We also know from studies conducted by the Organisation for Economic Co-operation and Development (OECD) that heart failure is the biggest cause of potentially avoidable NCD admissions to hospital. This has rightly driven efforts to improve follow-up care in heart failure clinics. But 30% of people who return to hospital within 30 days of a heart failure admission go back with a different complication. If we see disease management purely through the lens of one condition, we will miss the biggest opportunities for integrated care and health system efficiencies.


 

Millions of people who have had COVID-19 are now experiencing long-term complications. Of those, heart failure has led to the biggest epidemiological burden. No wonder, then, that while COVID-19 deaths are finally falling, we are seeing increasing excess deaths from heart failure. Infectious disease is heart failure’s deadly accomplice.

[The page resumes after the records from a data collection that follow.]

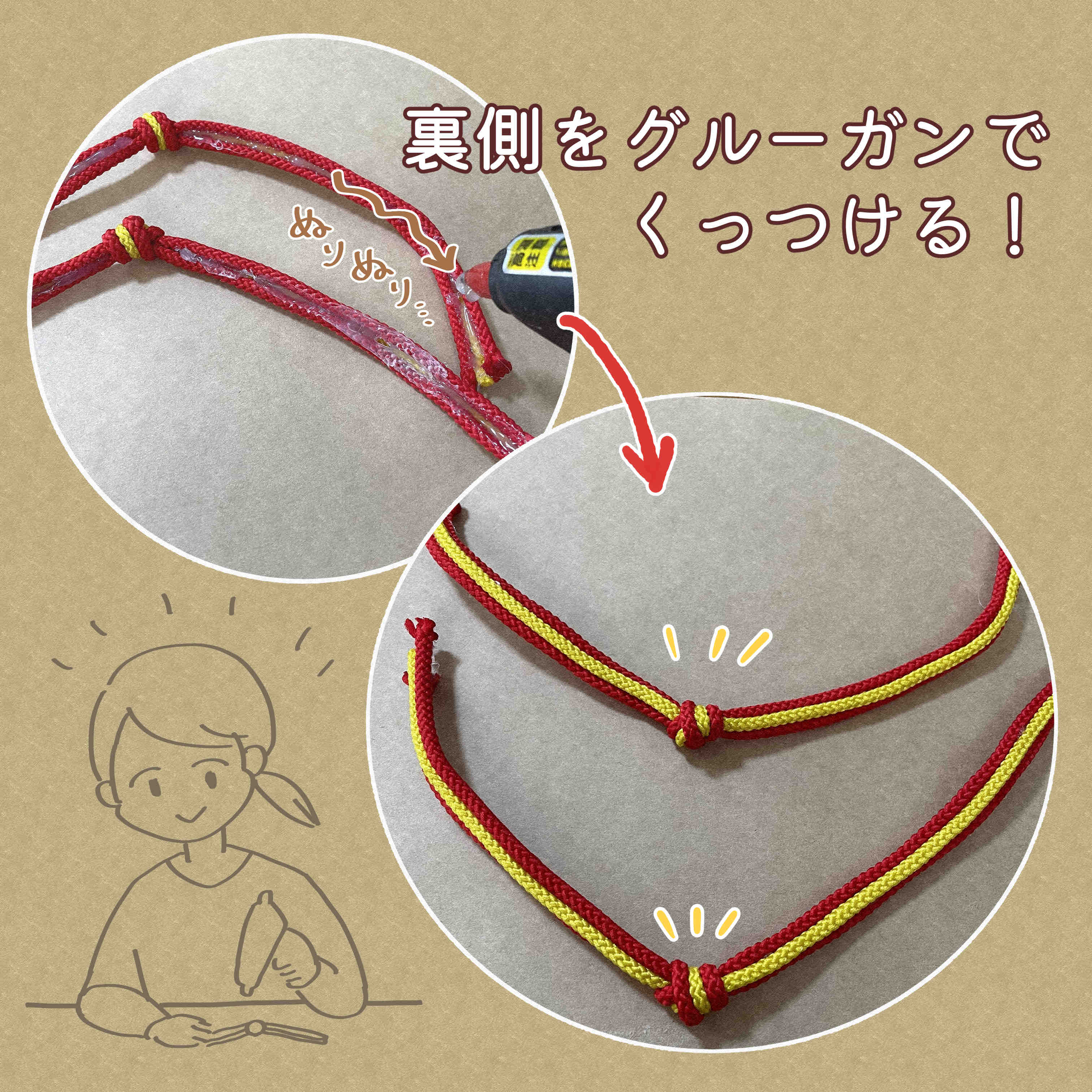 グルーガンは布に貼り付けると布に染み込んで取れにくくなってしまうので注意が必要です。
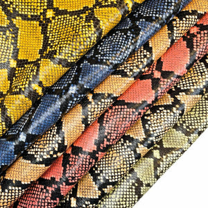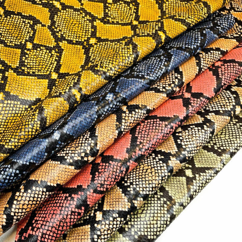 - Colorful leather with python/ snake skin print all over. Various colors to choose from. Soft to touch, also can feel a little glossy shine. Bit stiff but easy to fold. Backside is off white and soft. Perfect for leather accessories.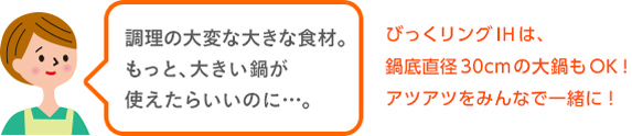 三菱IH独自※1の〈びっくリングコイルP〉なら、鍋底の直径が30cmの大鍋でも調理が可能。大きな鍋底も、ムラを抑えてすみずみまで加熱します。煮込み料理のまとめづくりや、大人数分の焼き餃子、丸ごとの煮魚も大得意!家族みんなのぶんを一気に仕上げられるから、笑顔が広がります。今よりもっとおいしく楽しく、大鍋料理をご家庭で。

On Wednesday 26 October, we will open our annual Heart Failure Policy Summit with a round-table discussion positioning heart failure at the crux of the health policy agenda. We will hear from Veronique Wasbauer, Principal Advisor on non-communicable diseases at DG-Santé within the European Commission and co-author of Healthier Together, the EU NCD strategy. The strategy recognised for the first time that heart failure was worthy of supranational coordination. Our panel of MPs, MEPs and key opinion leaders will consider how best to use this opportunity to integrate heart failure aims within the EU’s post-COVID policy agenda.

On day two of the Summit, Wednesday 2 November, we will discuss innovations that can make community-based heart failure management a reality. Experts will make the case for early heart failure diagnosis, including early detection among high-risk populations, such as people who have diabetes or are receiving cancer treatment. By engaging with professionals and patient groups working in these linked specialties, we can catch heart failure earlier. And through building alliances we can better understand and influence the policy landscape for innovation, to reduce the avoidable burden and improve quality of life.

In the third session, on Wednesday 9 November, we will look at heart failure through the lens of health inequalities based in gender, sex, ethnicity and socioeconomic status. After zooming in on the evidence, we will pan out to the wider drivers that are generating these inequalities. The solutions will often be found outside heart failure services. For example, connecting disadvantaged people at high risk of heart failure with social services can help address the wider determinants of health, such as financial stress, poor housing or polluted air. Connecting heart failure services and awareness raising with culturally appropriate settings and women’s health services could also address systemic inequalities.

The Summit concludes on Wednesday 16 November with an event dedicated to achieving better quality of life through a person-centred model of care, taking into account individuals’ wider needs and personal goals. We will bring together global experts from Sweden to the US, including perspectives from dermatology and oncology, to share seminal research, practical tools and campaign approaches that can be adopted by heart failure advocates and decision-makers. We will showcase examples of where multidisciplinary, integrated and person-centred care can be achieved, and hear new personal perspectives on the impact of heart failure on quality of life.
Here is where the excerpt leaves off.